:: Raw data
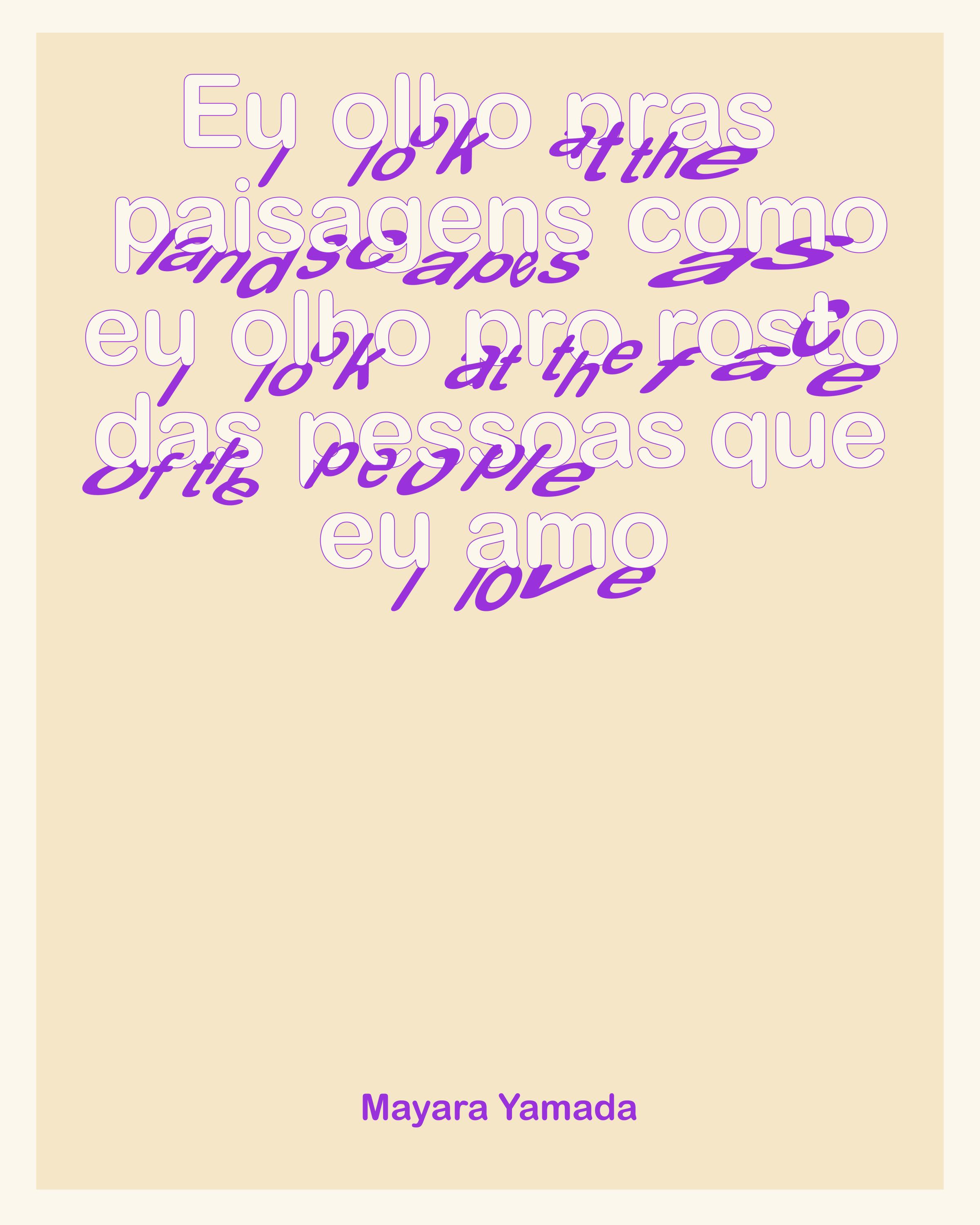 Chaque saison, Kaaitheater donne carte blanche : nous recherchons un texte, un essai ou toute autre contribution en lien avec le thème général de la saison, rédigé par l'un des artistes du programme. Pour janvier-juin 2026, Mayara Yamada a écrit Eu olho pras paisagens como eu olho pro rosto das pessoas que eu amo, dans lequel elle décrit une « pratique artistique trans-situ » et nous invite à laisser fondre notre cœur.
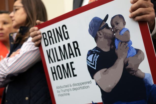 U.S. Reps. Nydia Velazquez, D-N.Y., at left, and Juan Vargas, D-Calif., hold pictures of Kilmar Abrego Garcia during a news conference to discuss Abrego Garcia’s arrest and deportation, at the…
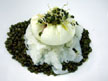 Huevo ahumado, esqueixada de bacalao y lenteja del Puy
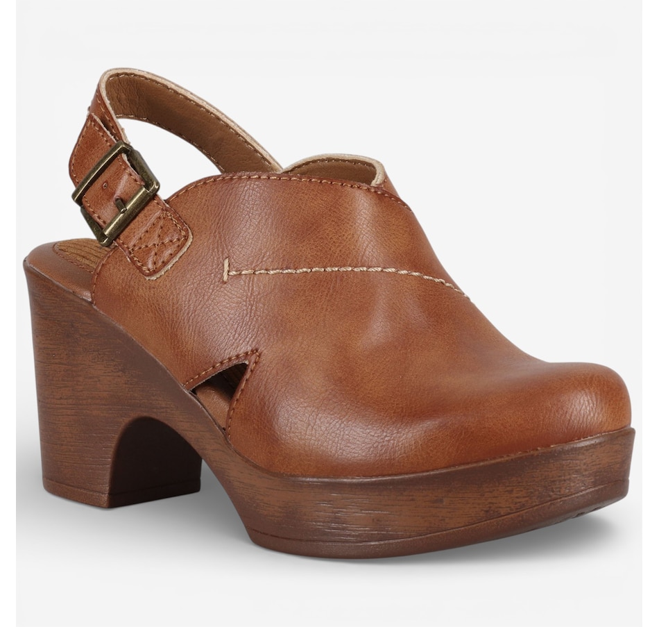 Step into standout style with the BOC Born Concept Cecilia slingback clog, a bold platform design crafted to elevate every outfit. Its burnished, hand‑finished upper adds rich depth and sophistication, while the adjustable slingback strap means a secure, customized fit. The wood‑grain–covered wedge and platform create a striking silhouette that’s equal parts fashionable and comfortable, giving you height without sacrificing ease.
::::
### What you have to do
Where the line with "Huevo ahumado, esqueixada" appears, begin there and transcribe exactly through the last line of the data, leaving all pictures aside.

### Result of this task
 Huevo ahumado, esqueixada de bacalao y lenteja del Puy
 Step into standout style with the BOC Born Concept Cecilia slingback clog, a bold platform design crafted to elevate every outfit. Its burnished, hand‑finished upper adds rich depth and sophistication, while the adjustable slingback strap means a secure, customized fit. The wood‑grain–covered wedge and platform create a striking silhouette that’s equal parts fashionable and comfortable, giving you height without sacrificing ease.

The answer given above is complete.